Когда человек преклонного возраста в какой-нибудь области обладает выдающимися талантами, то в том лишь случае можно считать, что он не зря прожил долгую жизнь, если о нем говорят: «У кого же мы будем спрашивать, когда этого человека не станет?»
Но пусть даже это и так, все-таки и он, не имеющий изъянов, кажется глупым, потому что истратил всю свою жизнь на одно-единственное дело. Лучше, когда он говорит: «Что-то я уже позабыл это».
По большей части бывает так: если человек знает много, но без меры болтает об этом, люди считают, что, пожалуй, за ним особых талантов и не водится. Да и сам он не может не допустить ошибки. А о том, кто говорит: «Я в этом не вполне разбираюсь», всегда думают, что в действительности-то он выдающийся мастер своего дела.
Тем более очень горько слушать, как человек, по положению и возрасту своему не допускающий возражения, с видом знатока говорит о неведомых ему самому вещах. Невольно думаешь: «Но ведь это же не так!»
— «Такая-то церемония» — подобных слов до времени августейшего правления императора Госага[219] не произносили. Так стали говорить уже в последнее время, — сказал мне один человек.
Однако Укё, дама из свиты монахини-императрицы Кэнрэй, вспоминая о том, как после восшествия на престол императора Готоба[220] она вновь поселилась во дворце, писала: «И хотя ничто не изменилось в церемониях, принятых в свете…»
Нехорошо без дела приходить в чужой дом. Но даже если ты пришел по делу, следует возвращаться к себе тотчас же, как только с ним покончено. Когда засиживаешься, становишься в тягость. Если ты много с человеком болтаешь, то и тело утомляешь, и душе не даешь покоя. Тратить время в ущерб всем делам — обоим невыгодно.
Разговаривать с неприязненной миной тоже нехорошо. Если тебе что-то не по душе, сейчас же скажи почему.
Совсем другое дело, когда к тебе придет человек, с которым приятно посидеть. «Ну, еще немножко. Сегодня не будем торопиться», — говоришь ему, когда он начинает скучать. Каждый может иметь голубые глаза Юань Цзе.[221] Очень хорошо, если к тебе без особого дела зайдет приятель, спокойно обо всем переговорит и уйдет.
И еще приятно бывает получить письмо, где всего-то и написано, что: «Давно вы не давали о себе знать…»
Пока человек, покрывающий ракушки,[222] пропускает те, что у него под рукой, и, оглядывая остальные, снует глазами от рукавов к коленям соперника, ракушки, лежащие подле него, покрывает другой. Хороший игрок вроде бы и не особенно тщится достать ракушки противника: кажется, будто он покрывает лишь ближние, и тем не менее он покрывает много.
Когда, расставив фишки по углам доски для игры в го, ты делаешь ход, то не достигнешь цели, если при этом видишь только дальние фишки соперника. А если, хорошо посмотрев перед собой, ты сразу сделаешь ход в ближний «глаз мудреца», то обязательно настигнешь фишки противника.

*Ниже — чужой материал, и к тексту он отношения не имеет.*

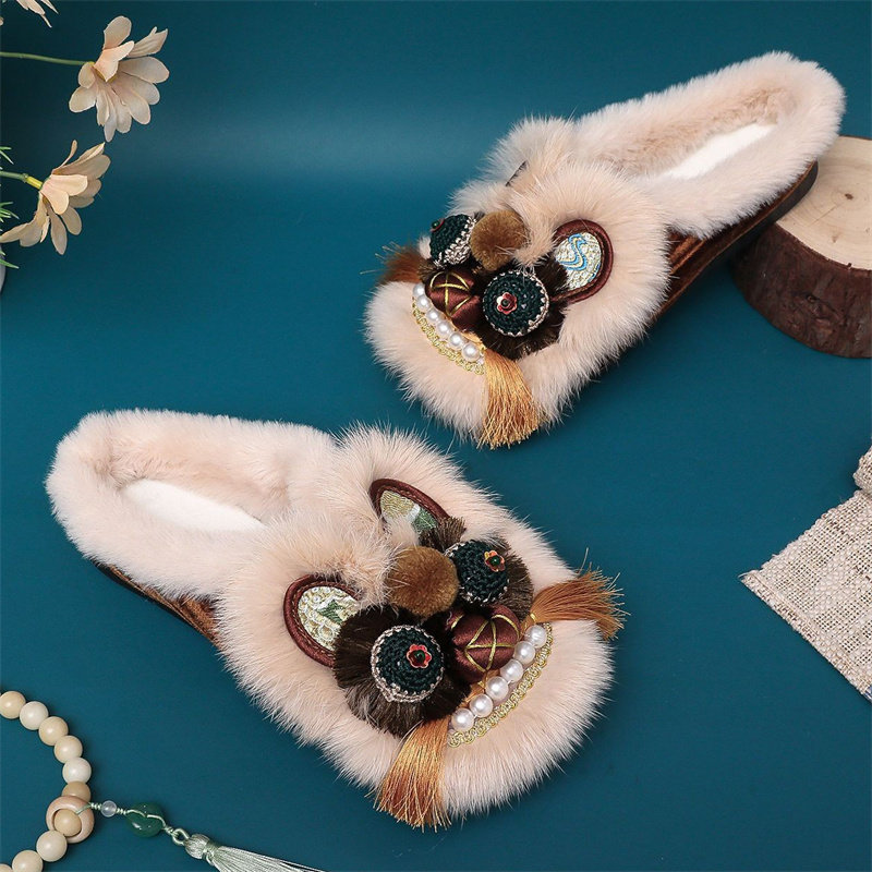 这款冬季加绒手工包头兔毛虎头棉拖鞋,融合传统中式美学与现代保暖工艺,专为女性设计。采用优质兔毛包边,触感柔软,保暖性极佳;内里加厚加绒,锁温舒适,适合寒冷季节居家穿着。鞋面为老北京风格中式绣花布,配以寓意吉祥的虎头造型,既显童趣又具古典韵味,彰显东方雅致。手工缝制,针脚细密,结实耐穿。包头设计有效保护脚部,防滑鞋底安全贴心。整体兼具保暖性、舒适性与艺术美感,是冬日里兼具实用与品位的居家良品,展现温婉古韵与现代生活的完美融合。

В любом деле нельзя ничего добиваться, обратясь вовне себя.
Надлежит правильно делать то, что тебе ближе всего. Как говорил Цин Сяньгун,[223] «творя благо, не спрашивай о грядущем воздаянии». Не таков ли и путь управления миром? Если ты небрежен к владениям, легкомыслен, своенравен и нерассудителен, то дальние провинции непременно взбунтуются, и тогда ты впервые обратишься за советом. Получится вроде того, как сказано в медицинском сочинении: «Глуп тот, кто простудился и, лежа в сыром месте, молится об исцелении от недуга».

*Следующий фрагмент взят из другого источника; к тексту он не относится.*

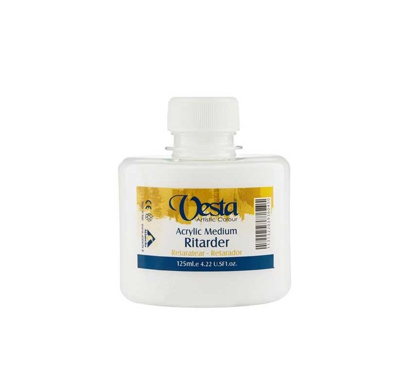 ریتاردر وستا مایعی نیمه شفاف است که زمان خشک شدن رنگ اکریلیک را افزایش می دهد و به آرامی درخشندگی رنگ را بیشتر می کند و لایه های رنگ را به صورت مشخص تری نشان می دهد. چند قطره از آن را به رنگ اکریلیک مورد نظر اضافه کنید، و با قلمو، رنگ و ریتاردر را ترکیب
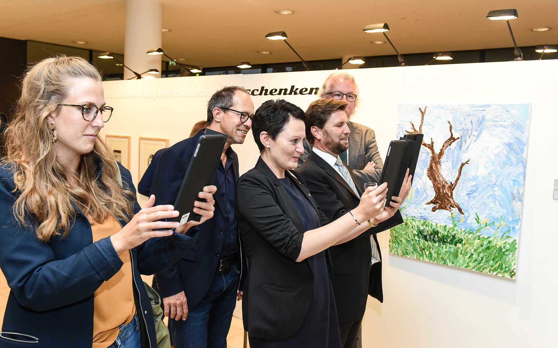 Das Preisträgerwerk sowie die weiteren Ankäufe im Rahmen des 10. Kunstpreises der Hypo Vorarlberg, sind in unserer Zentrale in Bregenz bis einschließlich 25.10. während den Filialöffnungszeiten zu besichtigen. Erstmals ist zudem eine Auswahl der Exponate vor Ort digital erlebbar.
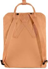Strapazierfähiges Vinylon F Gewebe zeichnet den Klassiker Kanken von Fjällräven aus. Dieser Jugendrucksack ist in der Farbe Peach Sand (blasses Orange) gehalten, die Schultergurte und Tragegriffe sind farblich perfekt an die Hauptfarbe angepasst.
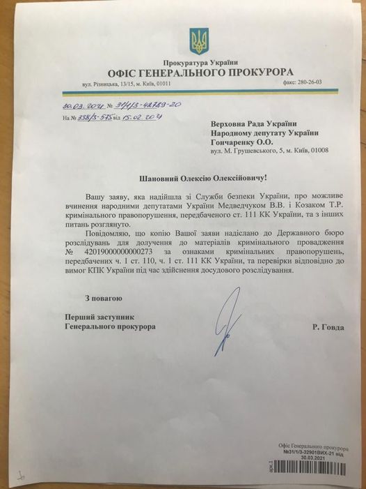 «ДБР відкрила кримінальне провадження про державну зраду Медведчука і Козака. Таку інформацію я отримав від Офісу Генпрокурора у відповідь на мою заяву про вчинення дій Медведчуком і Козаком, які підпадають під статтю 111 Кримінального Кодексу України (державна зрада). Мою заяву долучили до матеріалів кримінального провадження, яке уже ведеться Державним бюро розслідувань», – написав депутат.
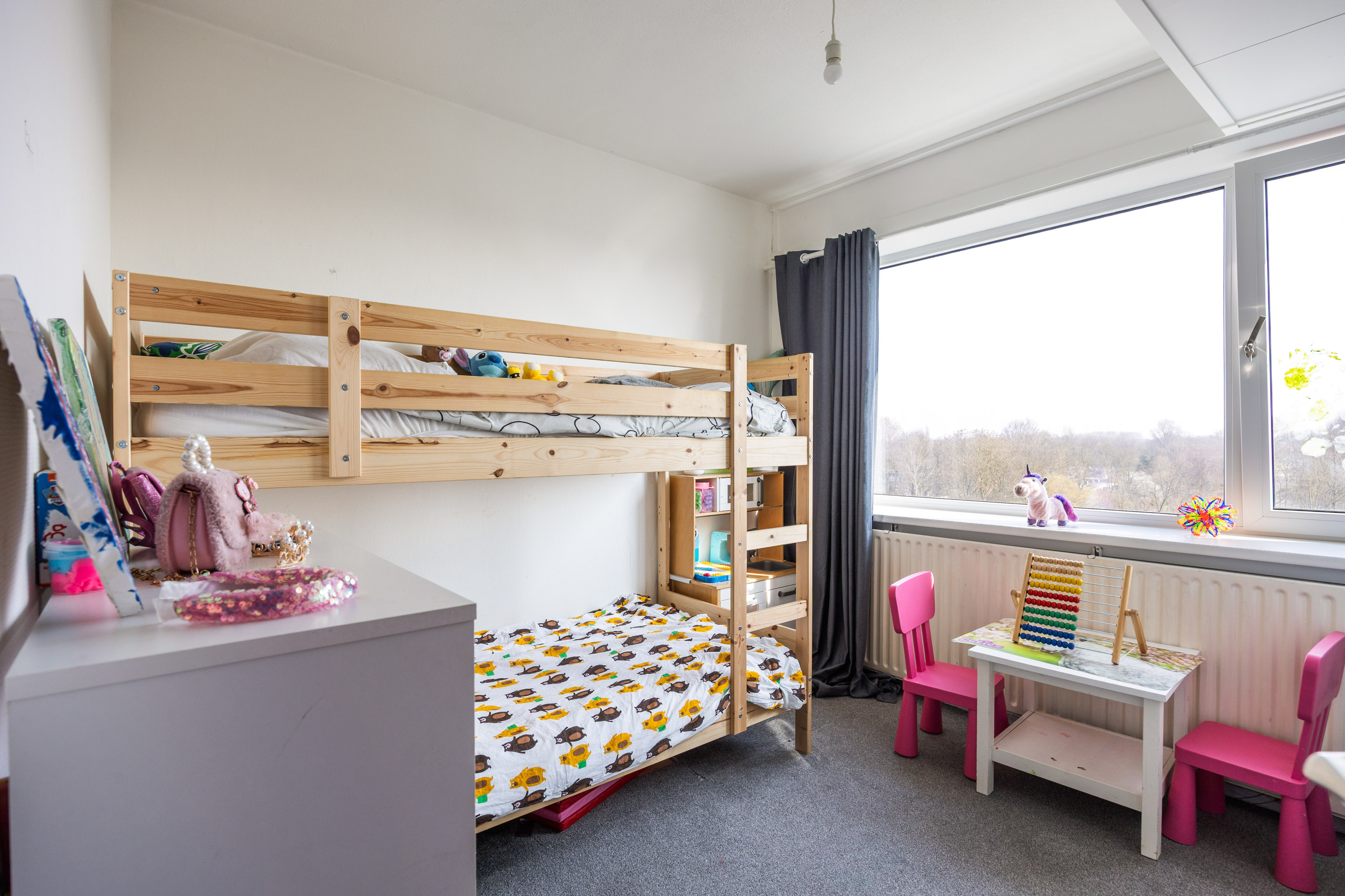 Aan de achterzijde van het appartement bevinden zich nog twee slaapkamers van goed formaat, waardoor de woning in totaal over drie volwaardige slaapkamers beschikt. Ideaal voor een gezin, thuiswerkers of logees.
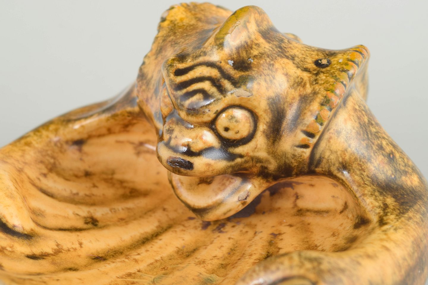 Small stoneware figurine with uranium glaze, commonly referred to as “Devil” in collector terminology, produced for the Kähler workshop in the late 19th century.

Когда же следуешь правильному Пути, устраняя страдания ближних и даруя милость, то невозможно предвидеть, сколь далеко распространится от этого благотворное влияние. Хотя, выступив в поход против саньямяо, Юй и заставил их покориться, он не добился того успеха, который имел, когда, повернув войско назад, стал распространять добродетель.[224]
Когда человек молод, горячая кровь переполняет его тело, сердце легко поддается любому влиянию, и в нем кипят страсти. За него боязно: он может легко расшибиться и этим напоминает драгоценный камень, который пустили катиться.